Metrics That Count (and it ain't "points")

I've lived through my fair share of software productivity and management frameworks. Kanban, agile, scrum, XP, waterfall...there's probably more that I'm trying to subconsciously suppress as I write this. Each of these is concerned in some respect with metrics. How do we evaluate how much work is getting done and who is doing it? How do we use metrics to improve "cycle times"? How do we improve "burn down"? How can we use these metrics at performance review time? Well, IMHO, none of these "metrics" really matter. What matters is shipped software, delighted customers, rising stock prices, and stress-free employees who get to go home at the end of the day and spend quality time with their spouses, significant others, and/or kids. Nothing else matters.

Management thinks it needs hard numbers and metrics to determine if the program is meeting its software development goals. It also needs numbers to determine which developers are meeting expectations and which are unsatisfactory. One problem is that software development is not assembly line work. In a Toyota factory, management has various mechanisms to determine efficiency of individuals. Number of defects, speed of the line, number of work stations mastered, the ability to train new employees, etc etc.

Art vs Science

Software development is *not* assembly line work, no matter what new language or Big Data system the cool kids are all using. Software development is more "art" than "science". And management of "art", with its inherent lack of metrics, is so much harder to do than managing something with defined metrics and "numbers"...something like science or math.

Think I'm exagerrating? Do you think Pope Julius II evaluated Michelangelo based on the number of cherubs he painted on the ceiling of the Sistine Chapel everyday? It's true that they argued over the scope of the work and budget, but the Pope never tried to evaluate The Master based on some concocted metric.

There is so much in software development that simply cannot be measured up-front.
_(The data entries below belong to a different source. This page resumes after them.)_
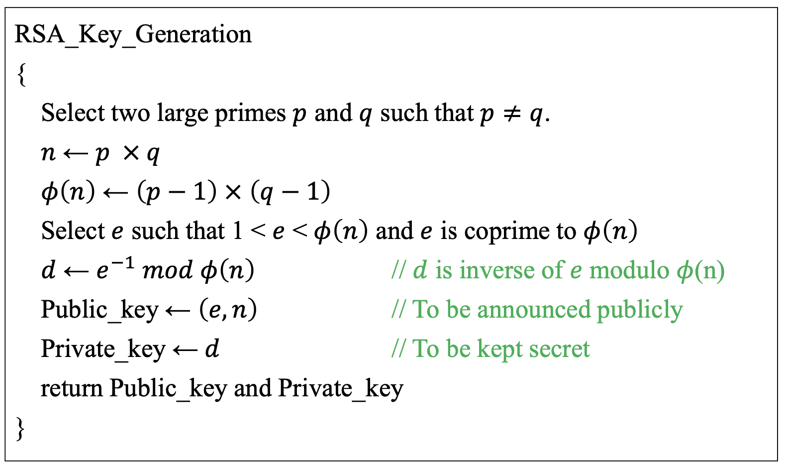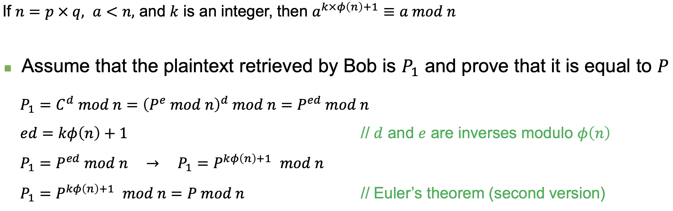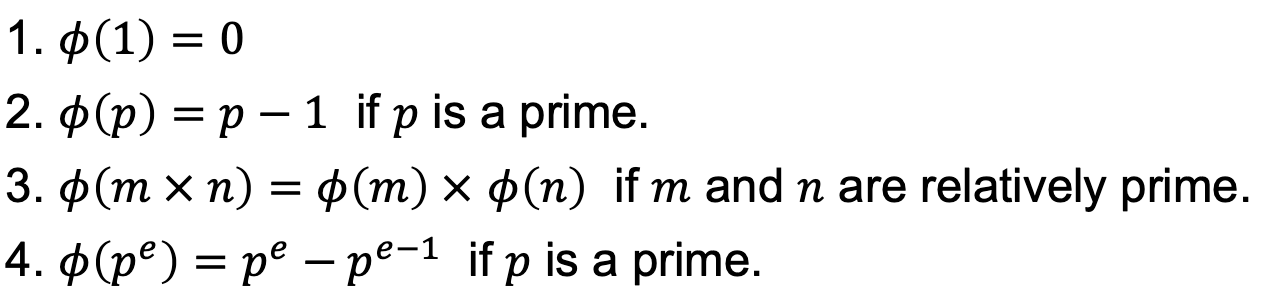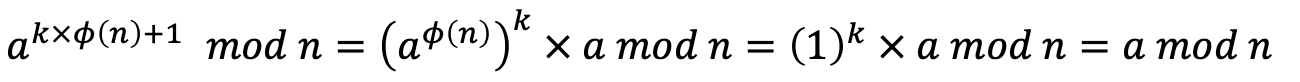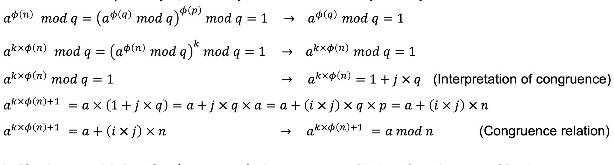 - If 𝑛 = 𝑝 × 𝑞, 𝑎 < 𝑛, and 𝑘 is an integer, then 𝑎k×ϕ(n)+1 ≡ 𝑎 (𝑚𝑜𝑑 𝑛)
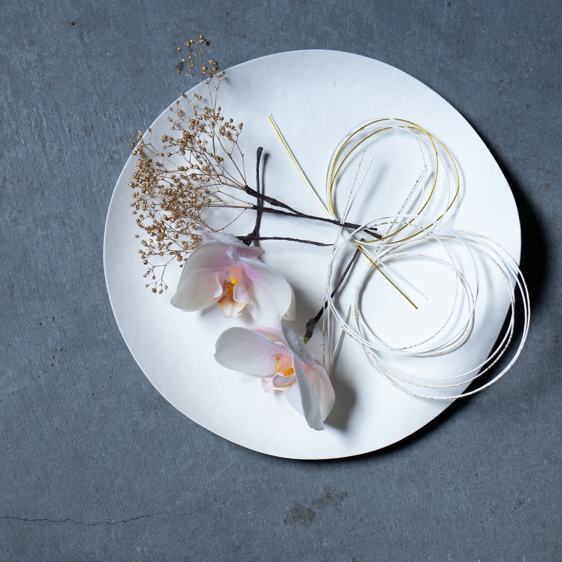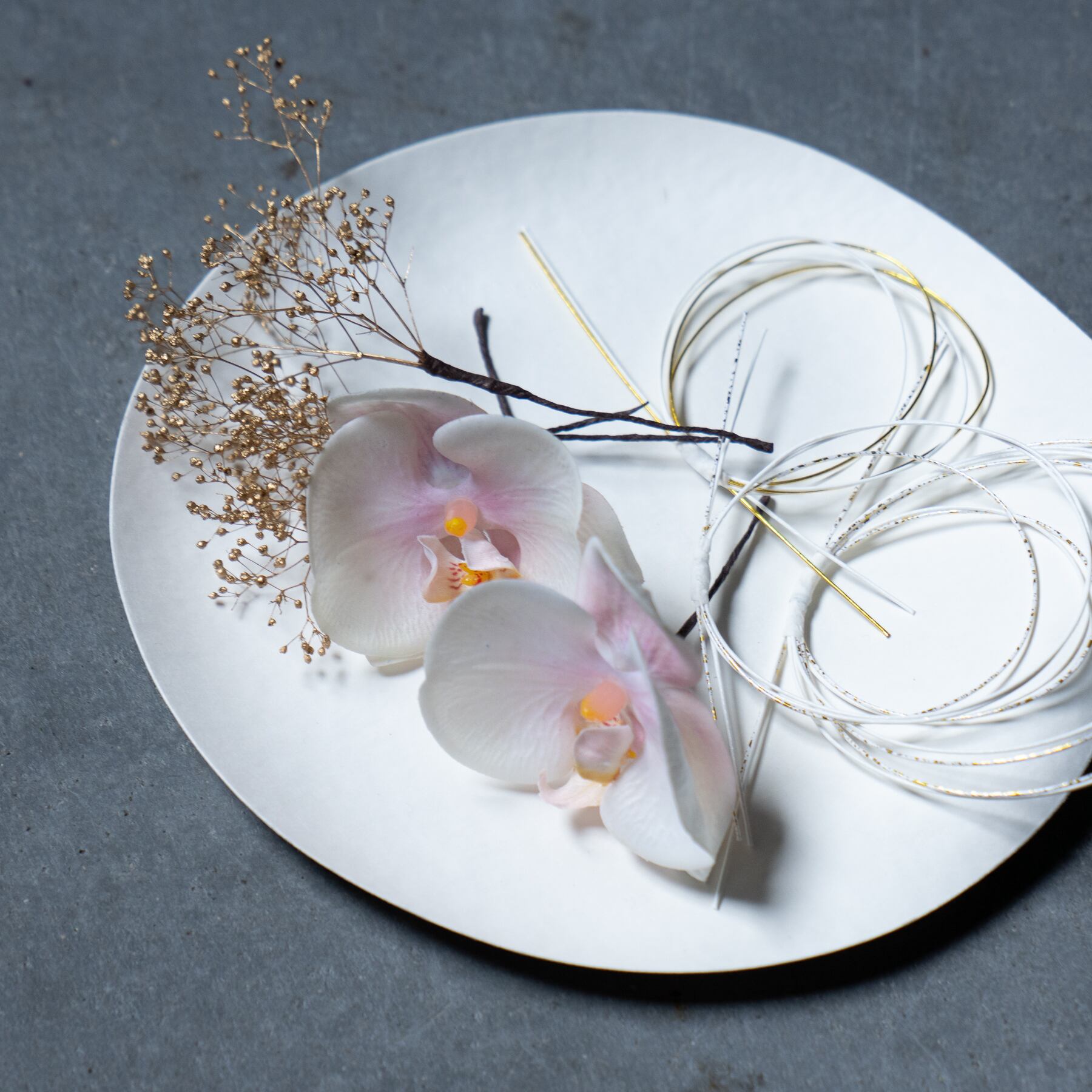 ゴールドが上品な、ドライフラワーの小花も華やかなアクセントに◎
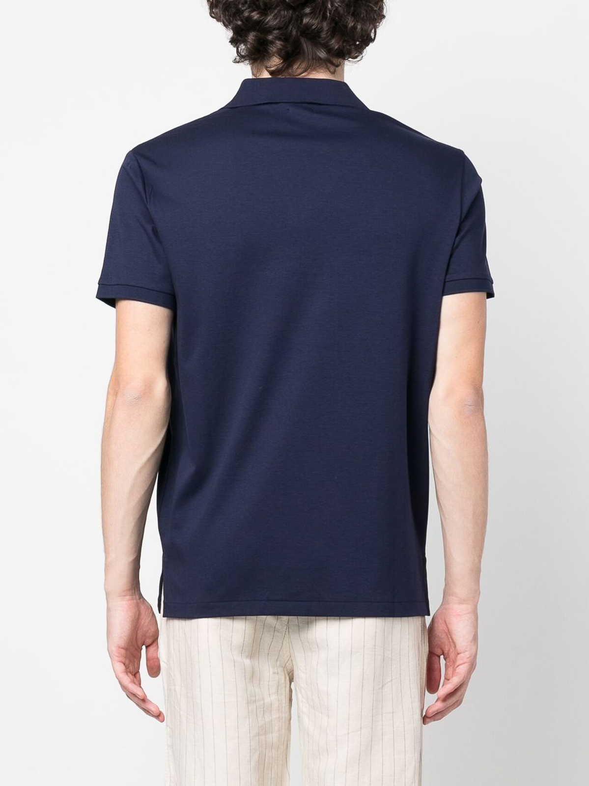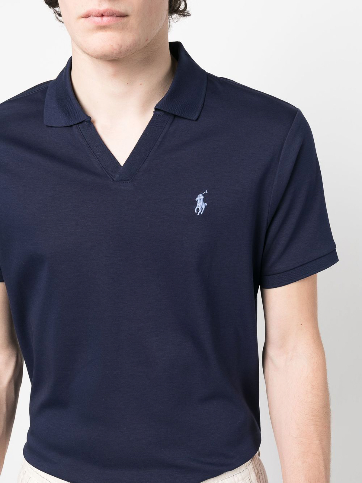 polo Ralph LaurenのVネック半袖ポロシャツは、ミッドナイトブルーのコットンシグネチャーポロポニーモチーフ、胸に刺繍されたロゴ、ポロカラー、Vネック、留め具なし、半袖、ストレートヘムが特徴です。

We generally call these things the "non-functional requirements." Some shops call them "-ilities". Performance is generally considered a non-functional requirement. We all try very hard to evaluate the performance of our software before it ships, often using tools such as LoadRunner. But more often than not we find that we have not met the necessary performance metrics once the software is in the customer's hands. So, how do you measure a performance metric early? You really can't. So, do we ding the team or individual for failing this metric?

The only metric that matters

... in software development is working, released features that a customer wants. If the feature has not shipped then you get zero credit. There is no A for Effort. Even if you are 80% feature-complete, you get no credit. If you shipped it but the customer doesn't like it, you get no credit either. I hear developers complain that it isn't their fault that the product failed...the requirements from the analysts were wrong and the developers merely implemented the requirements as given. I appreciate that argument, and I feel your pain, but the only metric that counts is a happy customer. When your company goes bankrupt because your product failed because of bad requirements, I'm not sure your mortgage company is going to care.

Other Metrics

There are lots of metrics management uses to evaluate us. Here are a few and my rebuttal as to why they don't work for project evaluation:

Tickets closed: I've worked at shops where each branch of code needed its own ticket for check-in purposes. And we always had 4 supported versions/branches open at any time. So a given bug may need 4 tickets. That's called "juking the stats."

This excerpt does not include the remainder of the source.